At the last powerline we were caught

In a fatal undertow like a single thought.

We walked on colder, with dark-adjusted eyes,

Still rounding toward the top. Things in nature

Cried out their alphabet of names, but none

Were ours, or reflected back any name we knew.

Our silence stretched between us like a clue.

Footsteps added footnotes one by one

Until we had left lower for higher ground for sure.

The tower sprang into the interrupted skies.

Spray paint through a lettered grid of spaces

Had tiered the artifact with conflicted texts.

We smiled once again to see nature vexed;

To touch where some derelict human trace is.

We grinned, too short of breath this time for speech;

We would have said a word or two this time,

For comfort’s or for habit’s sake, among pines

Where, in counterfeit of clouds, we saw our breaths

Touch. But we were wordless and rib-sore,

Out of perspective in a piney bowl

Rushing up around us like a garden wall

That aimed to keep in both flesh and soul

Within the clear-burned stone which grayly bore

The bolted tower that rose without a door.

We might as well have been inside a kettle

With the tower for a witch’s ladle

For everything additional that we could see.

We scanned the structure for defects, but hurriedly.

What with the talus and its getting late

We knew we didn’t have the time we had.

Still we gripped the rungs; they poured a cold

Beyond experience under our skins.

They were put here for a purpose, as a gate

Is put— to propose a boundary and suggest

A sort of going through. Of course, the jest

Is that the gate can’t tell who’s going out or in.

And we ourselves can’t be sure of what we take

With us, in a purpose we call ours.

The sky began to stipple with young stars.

Each strut galvanized chilled hand to sweat,

So that we had to pull rolled sleeves over

Each rung, and get what grip that could make

To hoist ourselves a little more above.

Our collars had been thumbed up since we’d begun;

Our inch-thick sweaters had been left to hang

Like exhausted swimmers over library chairs.

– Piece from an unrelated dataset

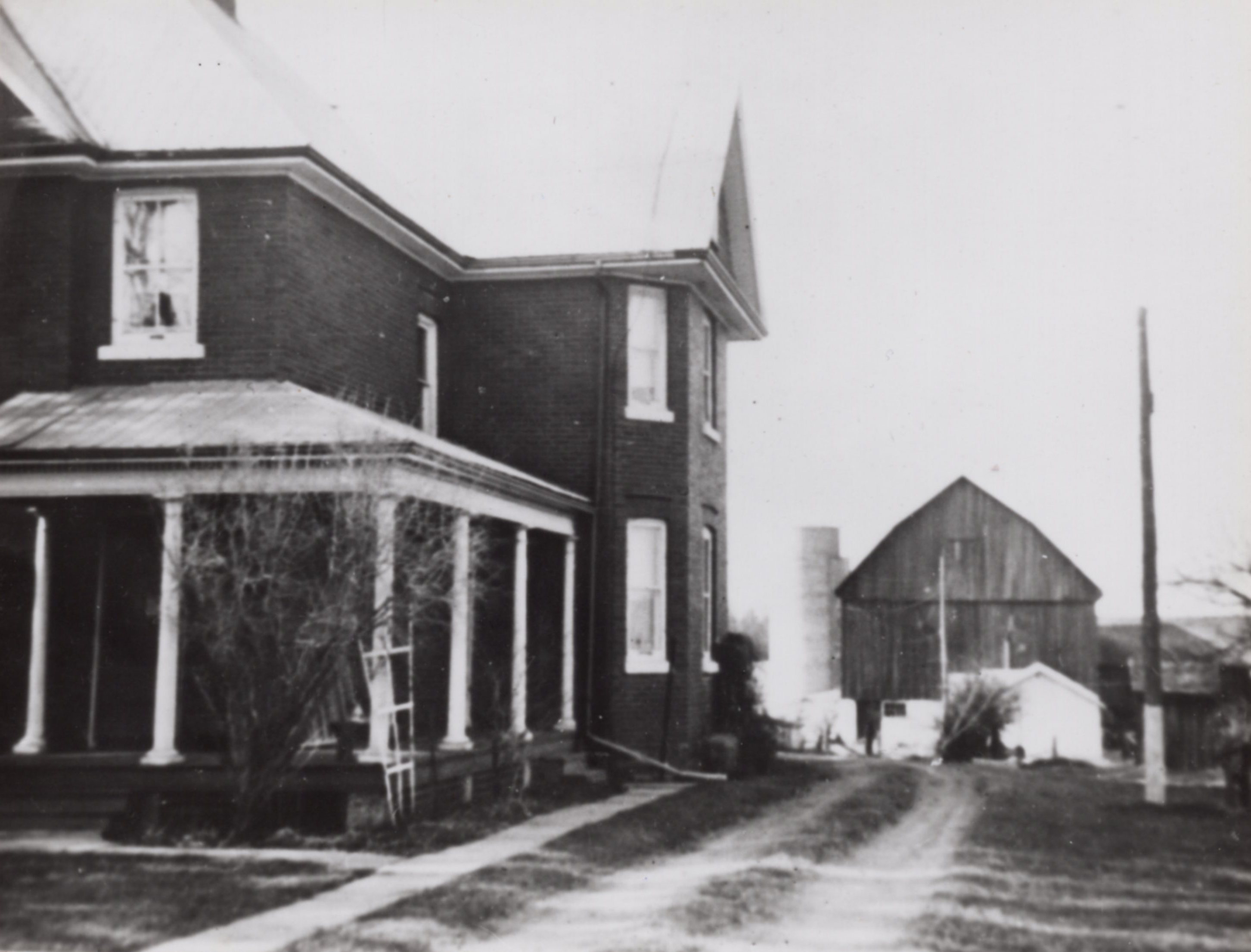 Image taken from 'The History of Two Pioneer Families and The Farm at S.H. Lot 19, Con. 5. Innisfil Township, Simcoe County'. View of the farm buildings in 1959. The image shows the side of the farm house, and in the background a farm and silo can be seen.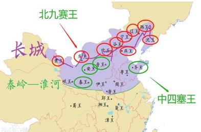 明朝共十三个塞王,除了北方边塞的“九大塞王”,还有中部的“四大塞王”,即秦岭淮河一代的亲王。这些藩王的作用为防止内患,如果发生内乱,这些藩部可以在发生内乱时平定叛乱,保卫都城南京。

Stars jarred and jumped—no, that was our eyes—

We took two deep sucks in to every one

That before our sojourn had satisfied.

What mist was in us at once would seize

Into ice spider-webs instantly as breath.

I hung halfway up a minute and heard

The charm of deadened church-bells in her tread,

Ringing on the upward steel as cold as death.

I looked around afloat in the tops of trees

Dizzy as masts and yardarms in a racing sea.

Night had come upon all things everywhere.

The trees put on their cassocks black and bare,

But refused to give a redemptive air.

Trees, gathered for prayers, stood devout.

The tower was all exposed angles and no lee.

She was where I couldn’t quite make out—

Loudly made the platform on hands and knees.

Something of ice came down in shards.

A keening wind, whetted almost to urging,

Made me wonder darkly at the wooded ring;

The mountain leaned to windward

And snatched my shirt to tell me "Come and see..."

With a knowing note of something up a sleeve.

But this was more than would fit what I believe,

More sleeve and deeper than what I knew of me.

"You should see it up here, you really should.

Come up, Kerry, and hold me by the shoulders.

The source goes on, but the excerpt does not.